Throughout the class, the professor was not mean, but was strict. That’s ok. Sometimes students need that, myself included. But his justification for the work we were doing and the business of it all? High salary. Not cool. I don’t mean this from a moral perspective, money was obviously a driver of the behavior of many students. No, the factor was motivation at the lowest level. Having trouble getting through this 20 hour problem set? Well, the teacher said I should do it for a lot of money in the distant future. Wrong. I should do it because it’s an important subject in a field I’m passionate about. It was obviously not the case for this particular teacher.
Teaching is a special skill that many professors lack. I realize I sound quite whiny about this instance, as I expected to while writing about my least favorite class (the other option was being really angry). When I pay top dollar for classes, I feel I’m allowed to have reasonable expectations. That class drove me away from interest in the area, getting a master’s at my alma mater and school in general. I accepted a job in an related field (process engineering in a chip fab), but doing something completely unrelated to designing electronics. It was only later that I came back and realized what a rich field electronics design can be (albeit board level instead of chip level). I’m still studying and learning the subject on my own, but there are inherent limitations in both time and resources. If there’s anything to be learned from my experiences, it’s to appreciate the good teachers/mentors and the direction they point you towards; not all of them are like that.
What about you? Have you ever had a teacher or mentor that pushed you towards a particular field? Or did they push you in a different direction and you came back to it in some other way later on in your career? Let us know in the comments.

My analog design teacher definitely pushed me further towards analog electronic design and his 3 course IC sequence was both the greatest learning experience and the greatest amount of work in my college career. He would always start each course with a “What is Analog?” pep talk and those of us who knew him well would take bets on the stories he would tell (he had about 5 favorites). As opposed to Chris’ teacher who told them to design chips for money, my teacher was all about inspiring passion and that was definitely the driving factor behind pulling 14 hour days to finish laying out my DAC in the second course.

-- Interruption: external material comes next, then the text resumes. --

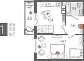 В продаже 1-комнатная квартира от застройщика! ЖК «Рекорд» 2 очередь, г. Краснодар, Литер 5 Срок сдачи: 2 кв. 2026, общей площадью 41.5 кв.м., на 9 этаже.
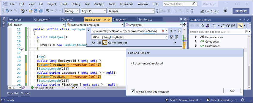 Chapter 13, Introducing Practical Applications of C# and .NET, introduces you to the types of cross-platform applications that can be built using C# and .NET. You will also build an EF Core model to represent the Northwind database that will be used throughout the rest of the chapters in the book.

The worst course I ever took however was a motor control/design course and similar to Chris’s experience it was completely because of the professor. Unfortunately, he is the only professor who teaches the course (required for everyone too) so there wasn’t a way to avoid the course. Without getting into a whole rant suffice it to say I’ve never had a professor before or since, who I could debunk so often just by checking the intro paragraphs on Wikipedia. Between that, random quiz questions that didn’t have anything to do with mechatronic systems, and horrible grading, I was completely turned off from the subject matter. Only time will tell if I ever get back into it.
My favorite teacher also required us to work very hard. Therefore, I think that a lot of the complaints about teachers giving difficult workloads may really be the issue: it’s the teachers who give difficult workloads without making the class enjoyable or relevant.
But yeah…a bad teacher ruins everything.
A good friend and EE classmate was really into analog circuit design even back in high school That was the entire reason he got into EE in the first place. He landed a co-op job at a CCD sensor company and was ecstatic. Unfortunately, for the entire time he was there, they used him to manually bond wires from the CCD die to the package. No circuit analysis. No understanding about the operation of the chip. Just drudgery. After that job, he got so turned of “analog design” that he elected not to take any circuit design course in his last year, opting for DSP instead, which is the field he’s working in today.